=== ABOUT THIS TASK ===
Within the entries below, find the portion that opens with the line containing "Wick away the" and closes with the line containing "- Additional Surcharge". Retype that portion exactly and only.

Records from a data collection

------------------------------------

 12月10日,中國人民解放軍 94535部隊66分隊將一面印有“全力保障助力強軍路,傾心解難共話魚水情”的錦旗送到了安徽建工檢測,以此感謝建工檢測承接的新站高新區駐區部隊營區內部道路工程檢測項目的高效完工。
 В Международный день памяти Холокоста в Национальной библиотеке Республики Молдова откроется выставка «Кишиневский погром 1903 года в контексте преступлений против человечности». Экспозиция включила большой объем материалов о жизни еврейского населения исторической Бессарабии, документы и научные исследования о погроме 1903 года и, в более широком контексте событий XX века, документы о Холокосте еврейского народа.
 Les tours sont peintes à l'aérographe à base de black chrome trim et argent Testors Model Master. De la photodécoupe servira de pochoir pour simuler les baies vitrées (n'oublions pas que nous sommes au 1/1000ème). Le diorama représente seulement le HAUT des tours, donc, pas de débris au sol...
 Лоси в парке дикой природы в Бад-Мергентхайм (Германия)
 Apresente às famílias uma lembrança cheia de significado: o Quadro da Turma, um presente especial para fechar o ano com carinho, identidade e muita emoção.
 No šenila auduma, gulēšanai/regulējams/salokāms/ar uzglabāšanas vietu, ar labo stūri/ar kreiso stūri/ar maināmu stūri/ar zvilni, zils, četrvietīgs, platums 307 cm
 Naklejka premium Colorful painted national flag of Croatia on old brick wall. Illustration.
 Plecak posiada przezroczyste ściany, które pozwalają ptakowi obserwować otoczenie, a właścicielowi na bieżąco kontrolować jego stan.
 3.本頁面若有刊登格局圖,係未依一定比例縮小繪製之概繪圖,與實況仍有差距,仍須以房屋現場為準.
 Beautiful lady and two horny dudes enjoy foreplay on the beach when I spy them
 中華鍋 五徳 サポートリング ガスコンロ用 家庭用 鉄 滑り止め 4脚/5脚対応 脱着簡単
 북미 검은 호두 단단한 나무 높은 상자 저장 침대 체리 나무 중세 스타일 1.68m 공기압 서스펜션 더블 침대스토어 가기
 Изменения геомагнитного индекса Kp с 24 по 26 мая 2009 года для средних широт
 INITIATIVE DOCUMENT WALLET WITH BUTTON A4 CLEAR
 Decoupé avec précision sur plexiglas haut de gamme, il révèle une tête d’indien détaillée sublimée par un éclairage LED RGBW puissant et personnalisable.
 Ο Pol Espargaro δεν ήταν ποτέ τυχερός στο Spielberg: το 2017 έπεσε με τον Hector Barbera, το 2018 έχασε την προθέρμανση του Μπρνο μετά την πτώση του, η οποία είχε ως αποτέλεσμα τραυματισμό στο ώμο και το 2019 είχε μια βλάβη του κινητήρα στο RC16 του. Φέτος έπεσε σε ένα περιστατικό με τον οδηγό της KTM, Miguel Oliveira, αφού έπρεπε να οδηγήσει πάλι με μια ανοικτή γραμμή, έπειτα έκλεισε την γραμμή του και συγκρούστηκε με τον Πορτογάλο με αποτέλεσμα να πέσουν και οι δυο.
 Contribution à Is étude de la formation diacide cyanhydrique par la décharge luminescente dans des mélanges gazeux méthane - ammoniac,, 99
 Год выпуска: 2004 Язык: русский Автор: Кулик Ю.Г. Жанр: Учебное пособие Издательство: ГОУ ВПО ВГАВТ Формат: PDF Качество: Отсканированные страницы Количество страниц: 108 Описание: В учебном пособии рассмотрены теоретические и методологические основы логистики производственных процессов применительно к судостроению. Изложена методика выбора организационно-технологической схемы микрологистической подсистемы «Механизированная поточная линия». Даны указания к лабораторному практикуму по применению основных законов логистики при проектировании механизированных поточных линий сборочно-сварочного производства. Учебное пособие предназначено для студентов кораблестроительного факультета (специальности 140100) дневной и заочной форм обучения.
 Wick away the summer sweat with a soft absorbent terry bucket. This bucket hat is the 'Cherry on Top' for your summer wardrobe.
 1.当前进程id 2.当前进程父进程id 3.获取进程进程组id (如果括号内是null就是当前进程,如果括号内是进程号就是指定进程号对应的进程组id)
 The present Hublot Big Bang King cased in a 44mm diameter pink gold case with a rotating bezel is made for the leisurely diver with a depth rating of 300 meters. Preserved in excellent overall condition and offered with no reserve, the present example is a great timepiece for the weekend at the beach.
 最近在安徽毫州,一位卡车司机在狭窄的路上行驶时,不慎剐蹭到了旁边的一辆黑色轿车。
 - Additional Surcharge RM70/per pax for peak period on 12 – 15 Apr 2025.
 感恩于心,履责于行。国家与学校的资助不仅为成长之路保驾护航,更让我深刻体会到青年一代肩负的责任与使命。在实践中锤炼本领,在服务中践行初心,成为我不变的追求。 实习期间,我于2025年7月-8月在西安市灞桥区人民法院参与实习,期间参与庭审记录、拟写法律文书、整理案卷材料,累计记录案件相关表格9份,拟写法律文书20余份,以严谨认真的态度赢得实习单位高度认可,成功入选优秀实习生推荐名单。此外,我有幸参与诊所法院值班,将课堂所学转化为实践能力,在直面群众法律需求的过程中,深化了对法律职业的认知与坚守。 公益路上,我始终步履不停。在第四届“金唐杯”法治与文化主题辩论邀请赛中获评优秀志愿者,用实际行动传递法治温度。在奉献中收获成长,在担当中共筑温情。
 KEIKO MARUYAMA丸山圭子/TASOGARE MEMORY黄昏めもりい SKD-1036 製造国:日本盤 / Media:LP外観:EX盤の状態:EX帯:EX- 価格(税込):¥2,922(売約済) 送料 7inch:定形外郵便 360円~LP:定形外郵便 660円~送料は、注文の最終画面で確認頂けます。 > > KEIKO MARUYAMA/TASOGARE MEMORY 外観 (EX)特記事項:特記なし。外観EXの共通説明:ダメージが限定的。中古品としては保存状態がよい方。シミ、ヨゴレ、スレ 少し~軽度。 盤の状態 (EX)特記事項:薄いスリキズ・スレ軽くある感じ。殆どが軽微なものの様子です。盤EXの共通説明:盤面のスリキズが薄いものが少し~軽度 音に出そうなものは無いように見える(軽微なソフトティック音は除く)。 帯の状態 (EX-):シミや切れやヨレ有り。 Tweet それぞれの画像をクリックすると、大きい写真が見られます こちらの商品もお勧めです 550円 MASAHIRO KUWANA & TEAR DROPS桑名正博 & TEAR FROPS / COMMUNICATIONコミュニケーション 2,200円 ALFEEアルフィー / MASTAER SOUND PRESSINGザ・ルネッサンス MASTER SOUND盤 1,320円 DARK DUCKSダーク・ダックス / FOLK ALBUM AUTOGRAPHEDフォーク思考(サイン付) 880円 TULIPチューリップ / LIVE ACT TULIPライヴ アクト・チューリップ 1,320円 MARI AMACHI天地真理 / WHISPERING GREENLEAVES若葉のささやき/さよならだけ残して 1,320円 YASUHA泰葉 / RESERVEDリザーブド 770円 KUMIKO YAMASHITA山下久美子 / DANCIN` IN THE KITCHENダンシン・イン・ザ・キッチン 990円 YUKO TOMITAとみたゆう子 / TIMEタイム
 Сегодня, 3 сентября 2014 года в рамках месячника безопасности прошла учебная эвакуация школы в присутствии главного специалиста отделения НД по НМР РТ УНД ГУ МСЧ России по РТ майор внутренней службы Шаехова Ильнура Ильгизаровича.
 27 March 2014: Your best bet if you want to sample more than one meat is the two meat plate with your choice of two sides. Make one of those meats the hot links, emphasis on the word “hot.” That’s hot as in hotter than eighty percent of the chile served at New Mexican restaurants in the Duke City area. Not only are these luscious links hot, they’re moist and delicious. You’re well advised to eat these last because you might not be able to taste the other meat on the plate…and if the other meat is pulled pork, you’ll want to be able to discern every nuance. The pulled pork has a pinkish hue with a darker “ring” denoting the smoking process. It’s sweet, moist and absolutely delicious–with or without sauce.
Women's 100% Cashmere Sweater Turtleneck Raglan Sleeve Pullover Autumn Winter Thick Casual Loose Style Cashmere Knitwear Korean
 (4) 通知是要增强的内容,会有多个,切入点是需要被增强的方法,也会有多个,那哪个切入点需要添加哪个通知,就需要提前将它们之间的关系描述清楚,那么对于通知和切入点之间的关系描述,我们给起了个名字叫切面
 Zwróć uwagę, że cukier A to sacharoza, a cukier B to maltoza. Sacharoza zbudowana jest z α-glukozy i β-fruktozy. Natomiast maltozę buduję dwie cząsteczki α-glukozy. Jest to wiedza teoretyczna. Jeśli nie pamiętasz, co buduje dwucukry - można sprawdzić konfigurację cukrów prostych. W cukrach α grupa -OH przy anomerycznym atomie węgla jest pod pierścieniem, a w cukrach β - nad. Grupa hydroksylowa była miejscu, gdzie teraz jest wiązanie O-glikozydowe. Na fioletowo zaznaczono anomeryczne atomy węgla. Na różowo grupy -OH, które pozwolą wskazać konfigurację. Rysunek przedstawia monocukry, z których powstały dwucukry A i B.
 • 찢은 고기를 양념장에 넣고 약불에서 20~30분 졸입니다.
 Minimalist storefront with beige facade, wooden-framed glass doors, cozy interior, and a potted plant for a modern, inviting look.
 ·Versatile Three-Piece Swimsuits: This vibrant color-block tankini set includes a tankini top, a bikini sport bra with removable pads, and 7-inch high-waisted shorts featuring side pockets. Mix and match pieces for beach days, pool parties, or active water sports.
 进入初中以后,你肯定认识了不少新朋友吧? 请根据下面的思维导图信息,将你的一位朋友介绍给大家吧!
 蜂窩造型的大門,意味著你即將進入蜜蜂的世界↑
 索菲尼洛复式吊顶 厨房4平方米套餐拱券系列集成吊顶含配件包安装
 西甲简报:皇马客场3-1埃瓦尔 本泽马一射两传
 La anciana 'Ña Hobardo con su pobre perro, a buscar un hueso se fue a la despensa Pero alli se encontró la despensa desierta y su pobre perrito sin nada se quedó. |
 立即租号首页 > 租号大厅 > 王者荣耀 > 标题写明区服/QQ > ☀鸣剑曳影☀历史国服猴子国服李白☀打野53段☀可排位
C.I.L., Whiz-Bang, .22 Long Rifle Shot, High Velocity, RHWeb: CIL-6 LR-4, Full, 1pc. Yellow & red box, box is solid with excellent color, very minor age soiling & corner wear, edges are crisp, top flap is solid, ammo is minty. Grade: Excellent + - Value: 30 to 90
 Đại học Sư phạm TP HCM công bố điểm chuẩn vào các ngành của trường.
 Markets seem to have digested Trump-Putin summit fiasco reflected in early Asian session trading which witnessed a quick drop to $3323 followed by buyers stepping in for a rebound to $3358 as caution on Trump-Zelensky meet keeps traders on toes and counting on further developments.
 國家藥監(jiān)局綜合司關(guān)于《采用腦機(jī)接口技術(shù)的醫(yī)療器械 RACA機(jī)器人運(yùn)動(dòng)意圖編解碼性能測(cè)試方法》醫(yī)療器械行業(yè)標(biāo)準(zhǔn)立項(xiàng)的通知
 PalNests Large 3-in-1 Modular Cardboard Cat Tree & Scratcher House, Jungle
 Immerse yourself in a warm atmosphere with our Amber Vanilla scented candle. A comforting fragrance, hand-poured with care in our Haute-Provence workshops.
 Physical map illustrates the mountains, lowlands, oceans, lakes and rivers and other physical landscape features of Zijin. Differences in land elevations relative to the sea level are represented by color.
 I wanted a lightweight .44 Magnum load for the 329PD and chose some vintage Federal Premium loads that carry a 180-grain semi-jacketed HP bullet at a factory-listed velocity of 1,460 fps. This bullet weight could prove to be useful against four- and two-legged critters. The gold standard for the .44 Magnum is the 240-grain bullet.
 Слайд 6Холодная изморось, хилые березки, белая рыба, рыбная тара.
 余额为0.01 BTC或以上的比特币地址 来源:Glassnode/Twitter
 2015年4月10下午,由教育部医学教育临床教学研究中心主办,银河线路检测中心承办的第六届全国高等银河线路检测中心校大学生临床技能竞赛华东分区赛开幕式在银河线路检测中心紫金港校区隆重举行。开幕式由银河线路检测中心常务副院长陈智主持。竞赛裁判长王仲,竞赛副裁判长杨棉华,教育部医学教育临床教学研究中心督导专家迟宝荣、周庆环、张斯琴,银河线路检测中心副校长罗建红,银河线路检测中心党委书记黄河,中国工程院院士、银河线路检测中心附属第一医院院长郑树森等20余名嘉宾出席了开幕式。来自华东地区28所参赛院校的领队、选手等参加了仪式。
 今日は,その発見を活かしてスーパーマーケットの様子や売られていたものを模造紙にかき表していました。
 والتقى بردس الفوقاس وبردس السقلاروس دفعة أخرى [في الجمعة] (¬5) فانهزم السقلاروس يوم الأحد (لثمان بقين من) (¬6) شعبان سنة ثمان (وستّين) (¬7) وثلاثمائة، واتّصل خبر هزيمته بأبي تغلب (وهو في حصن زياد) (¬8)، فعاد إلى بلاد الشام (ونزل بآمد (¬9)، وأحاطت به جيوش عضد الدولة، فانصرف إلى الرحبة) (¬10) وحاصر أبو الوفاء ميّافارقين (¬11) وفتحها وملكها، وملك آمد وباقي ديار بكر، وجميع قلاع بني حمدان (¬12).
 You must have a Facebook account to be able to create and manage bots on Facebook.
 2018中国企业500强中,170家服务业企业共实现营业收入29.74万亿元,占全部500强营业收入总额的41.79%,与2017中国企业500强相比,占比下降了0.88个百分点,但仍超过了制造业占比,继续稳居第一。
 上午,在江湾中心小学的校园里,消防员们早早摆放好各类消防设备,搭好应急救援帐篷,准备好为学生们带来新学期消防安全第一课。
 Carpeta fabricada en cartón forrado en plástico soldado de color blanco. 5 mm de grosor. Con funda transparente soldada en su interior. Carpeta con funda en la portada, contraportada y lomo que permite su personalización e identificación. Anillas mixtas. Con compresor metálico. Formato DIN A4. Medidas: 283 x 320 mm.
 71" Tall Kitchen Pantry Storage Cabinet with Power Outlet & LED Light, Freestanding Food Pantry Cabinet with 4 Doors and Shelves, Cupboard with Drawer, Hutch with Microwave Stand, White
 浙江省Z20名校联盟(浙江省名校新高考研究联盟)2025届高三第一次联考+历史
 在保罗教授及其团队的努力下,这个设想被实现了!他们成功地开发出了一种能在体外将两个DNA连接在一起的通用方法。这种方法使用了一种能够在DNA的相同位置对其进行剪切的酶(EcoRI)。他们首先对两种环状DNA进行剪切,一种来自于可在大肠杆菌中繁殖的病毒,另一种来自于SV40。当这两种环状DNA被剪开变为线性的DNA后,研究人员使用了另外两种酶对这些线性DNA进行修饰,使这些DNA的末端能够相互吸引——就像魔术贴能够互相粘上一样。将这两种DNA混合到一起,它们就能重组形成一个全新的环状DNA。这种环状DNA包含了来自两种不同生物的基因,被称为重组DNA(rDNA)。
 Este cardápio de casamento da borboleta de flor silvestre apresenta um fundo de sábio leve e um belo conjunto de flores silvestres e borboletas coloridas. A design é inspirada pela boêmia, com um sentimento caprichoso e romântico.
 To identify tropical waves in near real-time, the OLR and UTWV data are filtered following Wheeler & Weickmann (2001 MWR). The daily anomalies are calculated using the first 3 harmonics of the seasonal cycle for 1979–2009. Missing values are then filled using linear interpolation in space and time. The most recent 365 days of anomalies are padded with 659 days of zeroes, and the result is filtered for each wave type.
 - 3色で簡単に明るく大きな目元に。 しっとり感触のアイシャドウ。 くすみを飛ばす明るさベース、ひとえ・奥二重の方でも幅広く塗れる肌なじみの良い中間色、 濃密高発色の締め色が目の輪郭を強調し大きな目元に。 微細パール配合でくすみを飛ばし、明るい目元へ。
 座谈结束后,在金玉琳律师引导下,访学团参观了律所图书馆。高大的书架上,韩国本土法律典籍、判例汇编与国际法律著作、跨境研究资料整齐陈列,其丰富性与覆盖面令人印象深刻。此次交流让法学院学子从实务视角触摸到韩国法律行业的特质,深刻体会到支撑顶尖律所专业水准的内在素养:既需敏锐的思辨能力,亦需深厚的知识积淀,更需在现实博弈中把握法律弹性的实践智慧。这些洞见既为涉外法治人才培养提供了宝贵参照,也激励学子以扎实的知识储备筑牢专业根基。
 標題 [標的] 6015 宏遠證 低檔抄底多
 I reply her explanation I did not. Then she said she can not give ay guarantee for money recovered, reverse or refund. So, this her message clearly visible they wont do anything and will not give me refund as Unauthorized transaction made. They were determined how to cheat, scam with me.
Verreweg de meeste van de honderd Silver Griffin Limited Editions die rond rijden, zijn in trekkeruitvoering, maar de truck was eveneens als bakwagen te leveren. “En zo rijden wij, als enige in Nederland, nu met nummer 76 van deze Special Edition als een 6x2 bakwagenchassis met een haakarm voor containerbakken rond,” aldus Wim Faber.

------------------------------------

=== TASK RESULT ===
 Wick away the summer sweat with a soft absorbent terry bucket. This bucket hat is the 'Cherry on Top' for your summer wardrobe.
 1.当前进程id 2.当前进程父进程id 3.获取进程进程组id (如果括号内是null就是当前进程,如果括号内是进程号就是指定进程号对应的进程组id)
 The present Hublot Big Bang King cased in a 44mm diameter pink gold case with a rotating bezel is made for the leisurely diver with a depth rating of 300 meters. Preserved in excellent overall condition and offered with no reserve, the present example is a great timepiece for the weekend at the beach.
 最近在安徽毫州,一位卡车司机在狭窄的路上行驶时,不慎剐蹭到了旁边的一辆黑色轿车。
 - Additional Surcharge RM70/per pax for peak period on 12 – 15 Apr 2025.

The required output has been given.